Helps keep me going on the next chapter.
Semper fi,
Jim
I was reminded of MY first hot air balloon flight some 45 years ago. A windy day in Anchorage AK and just as thrilled as you. Mike Bauwens, soon to become my flight instructor and life long friend said that when we land, hold on because we were in for a “sleigh ride”. 6 months later I soloed and went on to fly there for a number of years, culminating in a world record flight over Denali with Frank Wright. You will appreciate that we had the oxygen system on loan from Maxi Anderson and Ben Abruzo. Alaska Balloon Adventures indeed.
Kris Anderson, in the books, is and was of course Maxi’s son and holds many world records to this day.
Fabulous man, then and now. Abruzzo was rough while Maxi was smooth and then there was the third outlier
guy named Larry Newman. I had met Maxi only briefly before his death and never Abruzzo before his death in a plane
crash. Newman was just kind of a cretin. Ballooning is a wonder of a pretty safe series of adventures and maybe the
best part is the peopel involved. It’s pretty safe, or not safe at all if you don’t keep the flank security out and properly prepare.
Thanks for sharing your own part in all of this, and much appreciated.
Semper fi,
Jim
Interesting, I have been reading “Angels of Attack” novel about Desert Storm and A6 Intruders operating in combat from carriers during Desert Storm! And wondering about the comfort I felt being back in a low level attack!
Was Nash an Air Force or Navy RIO? Air Force put pilot in back seat and it had a stick. Navy put pilot, “non flying objects” NFOs as RIOs and hence no stick in rear!
Uuraagh
Nash was Navy Colonel. No need for flight training although John continued in life
to consider himself a pilot. The Phantom, as you know, had dual ejection or single, but the
pilot had to set the dial for with it would be. The back seater also was ejected 1.39 seconds before
the pilot if dual ejection was selected. There was no stick in the rear for the Radar Intercept Officer,
or whatever the backseater was termed back then.
Semper fi,
My great friend,
Jim
Fast-moving chapter! And really evacuating Mr. Thatcher! Surprised the PM is not accompanying him. For some reason, Jim, this chapter seemed very “rushing” – don’t know if that was purposeful on your part or not.

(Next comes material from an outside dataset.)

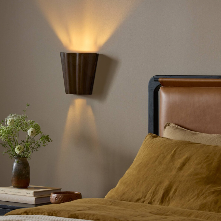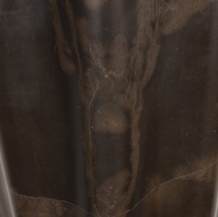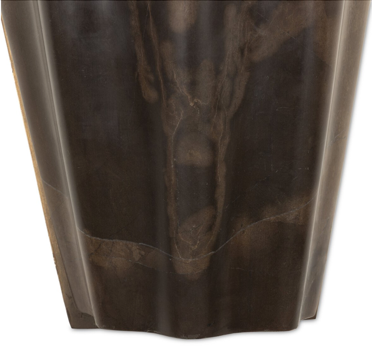 Turned Italian marble in a curved scalloped shape directs the light beautifully. The sculpted stone's organic tones and rubbed bronze back plating make for high-quality, décor-driven detail.

You and ballooning are like me and glider flying, escaping the surly bonds of thought. But I didn’t have the noise of huge blasting burners. Most of the time I didn’t even hear the thrum of the tow plane. And sometimes just flying the tow plane was fine. I could even hear the “screeeeee” of a red-tailed hawk, flying the opposite side of the ascending circle, both of us carried aloft by the thermal.
Was very surprised of neighbor Nash going along to Britain. Has he been advised of your true role as CIA agent? And you are right about NFO’s. Many are capable of keeping the aircraft aloft, but no training or practicing emergency maneuvers. Good at weapons systems, however, and I’m sure they developed a tight relationship with the front-seat guy.
Sorry to hear of your friend passing. Seems there are fewer and fewer of us with each passing day.
Semper Fi, my friend.
Tom Thorkelson’s passing hurt, some of it because he was so causal in my devlopment after the Nam.
I loved that he never figured out, during our years of work together, what I was otherwise doing.
In fact, a friend of his working in accounting at the Western White House and that guy told him that
he had seen me there and that I primarity cleaned toilets. Tom tought that was truly patriotic and very
kind of me. I admitted that that was my job there. His finding out all the other stuff came through
reading the chapters. Nash knew but he was sort of ethereal about the whole thing. Along for the adventure
but difficult to actually include other than on an order to get specific things done sort of way.